▸ **AIM OF THE TASK**: Copy each line below exactly and leave the pictures out.

▸ **DATA EXTRACT**:
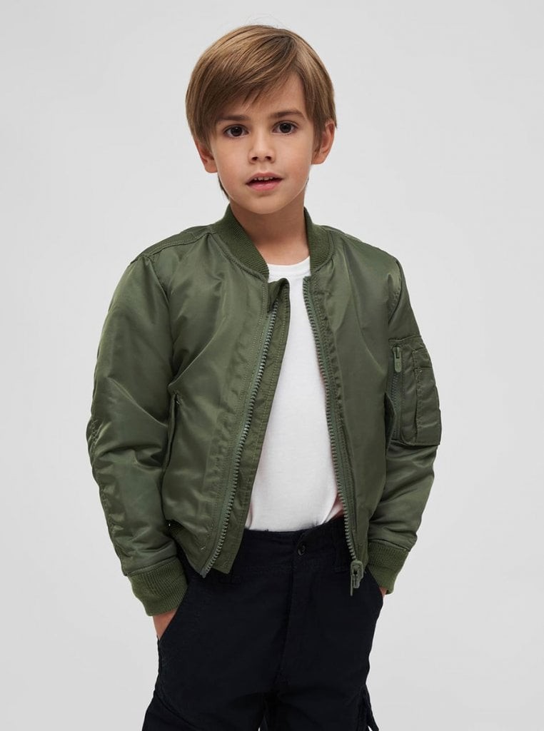 En klassisk olivgrön bomberjacka för barn, inspirerad av den ikoniska MA1-modellen. Jackan har ett slitstarkt nylontyg och ett orange foder, precis som originalet. Med sin rejäla stoppning håller den barnet varmt och bekvämt.
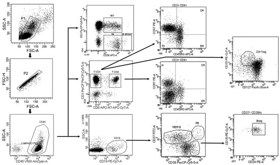 A gate including lymphocytes and monocytes and excluding debris and apoptotic cells was first established (Figure 1). CD4+ and CD8+ T cells were classified as: central memory (CM) (CCR7+ CD45RO+), naïve (CCR7+ CD45RO-), terminally differentiated (TD) (CCR7- CD45RO-) and effector memory (EM) (CCR7- CD45RO+). Regulatory CD4 T cells (Treg) were defined as CD3+ CD4+ CD25hi CD127low. B cells were classified as: plasmablasts (CD19+ CD27hi CD38hi), memory (CD19+ CD27dim CD38dim) and regulatory B cells (Breg) (CD19+ CD27- CD24hi CD38hi). Monocytes were also studied, and their subsets were classified according to the expression of CD14 and CD16 (Mo1: CD14++ CD16-; Mo2: CD14++ CD16+; Mo3: CD14+ CD16+). Dendritic cells (DCs) were differentiated into myeloid DCs (mDC: CD14- CD11c+) and plasmacytoid DCs (pDC: HLA-DR+ CD123+). Natural killer (NK) cells (CD56dim CD3-), natural killer T (NKT) cells (CD56dim CD3+) and CD56bright NK cells (CD3- CD56bright) were also studied. Data analysis was performed using FACSDiva Software V.8.0 (BD Biosciences).
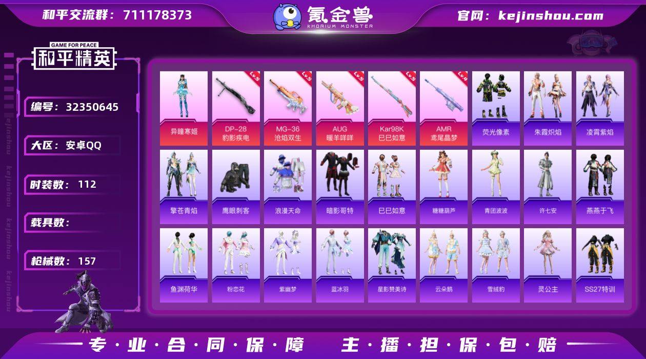 安卓 手Q-2粉装-9特效枪-0载具-1粉色飞行器-40431热力值-4王牌印记-112套装-157枪皮 【热门品类】:套装-浪漫天命,套装-暗影哥特 【粉色套装】:角色-异瞳寒姬,角色-虎痴许褚 【粉色枪皮等级】:AUG-暖羊咩咩(五级),AUG-罪夜之冕(六级),ACE32-萌骑漫游(二级),AKS-74U-森灵之息(五级),Kar98K-巳巳如意(五级),Mk14-福马献瑞(五级),AMR-鸢尾晶梦(四级),DP-28-豹影疾电(五级),MG-36-沧焰双生(五级) 【粉色枪皮】:AUG-暖羊咩咩,AUG-罪夜之冕,ACE32-萌骑漫游,AKS-74U-森灵之息,Kar98K-巳巳如意,Mk14-福马献瑞,AMR-鸢尾晶梦,DP-28-豹影疾电,MG-36-沧焰双生 【粉色飞行器】:炫彩糖果飞行器 【粉色降落伞】:荧海星豚降落伞,绯穹魔姬降落伞,极意拳锋降落伞,炫彩糖果降落伞,暮色玫影降落伞 【稀有套装】:套装-巳巳如意,套装-荧光像素,套装-雪国风尚,套装-炫彩糖果,角色-幸运青,套装-马上来财,套装-糖糖葫芦,套装-青团波波,角色-许七安,套装-燕燕于飞,套装-鱼渊荷华,套装-粉恋花,套装-紫幽梦,套装-蓝冰羽,套装-星影赞美诗,套装-云朵鹅,套装-雪绒豹,角色-灵公主,套装-朱霞炽焰,套装-凌霄紫焰,套装-擎苍青焰,套装-雨过天青,套装-红釉青花...
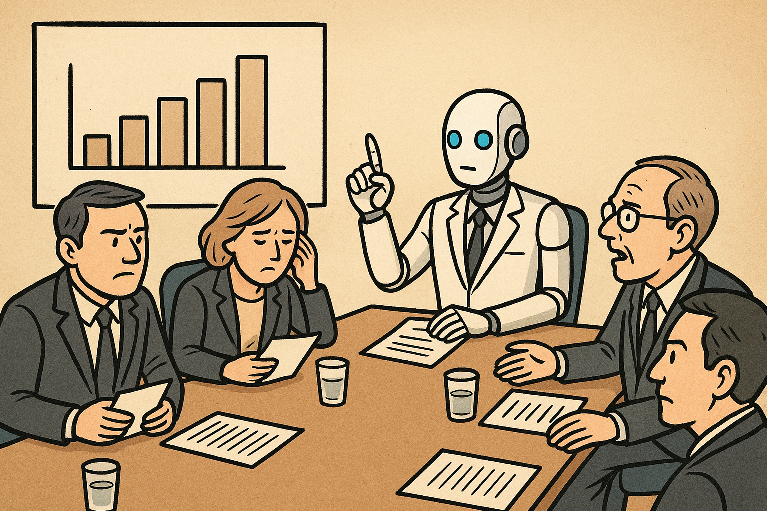 상당한 보수를 받는 이사들이 1년에 네다섯 번 모여서 하는 일이 고작 이렇다면 이런 장면에서 이런 질문이 생겨나지 않을까요? "차라리 AI를 이사회에 참여시키는 게 나을 듯한데?", "사람들로 구성된 이사회가 과연 좋은 의사결정을 낼 수 있을까?"

▸ **EXERCISE SOLUTION**:
 En klassisk olivgrön bomberjacka för barn, inspirerad av den ikoniska MA1-modellen. Jackan har ett slitstarkt nylontyg och ett orange foder, precis som originalet. Med sin rejäla stoppning håller den barnet varmt och bekvämt.
 A gate including lymphocytes and monocytes and excluding debris and apoptotic cells was first established (Figure 1). CD4+ and CD8+ T cells were classified as: central memory (CM) (CCR7+ CD45RO+), naïve (CCR7+ CD45RO-), terminally differentiated (TD) (CCR7- CD45RO-) and effector memory (EM) (CCR7- CD45RO+). Regulatory CD4 T cells (Treg) were defined as CD3+ CD4+ CD25hi CD127low. B cells were classified as: plasmablasts (CD19+ CD27hi CD38hi), memory (CD19+ CD27dim CD38dim) and regulatory B cells (Breg) (CD19+ CD27- CD24hi CD38hi). Monocytes were also studied, and their subsets were classified according to the expression of CD14 and CD16 (Mo1: CD14++ CD16-; Mo2: CD14++ CD16+; Mo3: CD14+ CD16+). Dendritic cells (DCs) were differentiated into myeloid DCs (mDC: CD14- CD11c+) and plasmacytoid DCs (pDC: HLA-DR+ CD123+). Natural killer (NK) cells (CD56dim CD3-), natural killer T (NKT) cells (CD56dim CD3+) and CD56bright NK cells (CD3- CD56bright) were also studied. Data analysis was performed using FACSDiva Software V.8.0 (BD Biosciences).
 安卓 手Q-2粉装-9特效枪-0载具-1粉色飞行器-40431热力值-4王牌印记-112套装-157枪皮 【热门品类】:套装-浪漫天命,套装-暗影哥特 【粉色套装】:角色-异瞳寒姬,角色-虎痴许褚 【粉色枪皮等级】:AUG-暖羊咩咩(五级),AUG-罪夜之冕(六级),ACE32-萌骑漫游(二级),AKS-74U-森灵之息(五级),Kar98K-巳巳如意(五级),Mk14-福马献瑞(五级),AMR-鸢尾晶梦(四级),DP-28-豹影疾电(五级),MG-36-沧焰双生(五级) 【粉色枪皮】:AUG-暖羊咩咩,AUG-罪夜之冕,ACE32-萌骑漫游,AKS-74U-森灵之息,Kar98K-巳巳如意,Mk14-福马献瑞,AMR-鸢尾晶梦,DP-28-豹影疾电,MG-36-沧焰双生 【粉色飞行器】:炫彩糖果飞行器 【粉色降落伞】:荧海星豚降落伞,绯穹魔姬降落伞,极意拳锋降落伞,炫彩糖果降落伞,暮色玫影降落伞 【稀有套装】:套装-巳巳如意,套装-荧光像素,套装-雪国风尚,套装-炫彩糖果,角色-幸运青,套装-马上来财,套装-糖糖葫芦,套装-青团波波,角色-许七安,套装-燕燕于飞,套装-鱼渊荷华,套装-粉恋花,套装-紫幽梦,套装-蓝冰羽,套装-星影赞美诗,套装-云朵鹅,套装-雪绒豹,角色-灵公主,套装-朱霞炽焰,套装-凌霄紫焰,套装-擎苍青焰,套装-雨过天青,套装-红釉青花...
 상당한 보수를 받는 이사들이 1년에 네다섯 번 모여서 하는 일이 고작 이렇다면 이런 장면에서 이런 질문이 생겨나지 않을까요? "차라리 AI를 이사회에 참여시키는 게 나을 듯한데?", "사람들로 구성된 이사회가 과연 좋은 의사결정을 낼 수 있을까?"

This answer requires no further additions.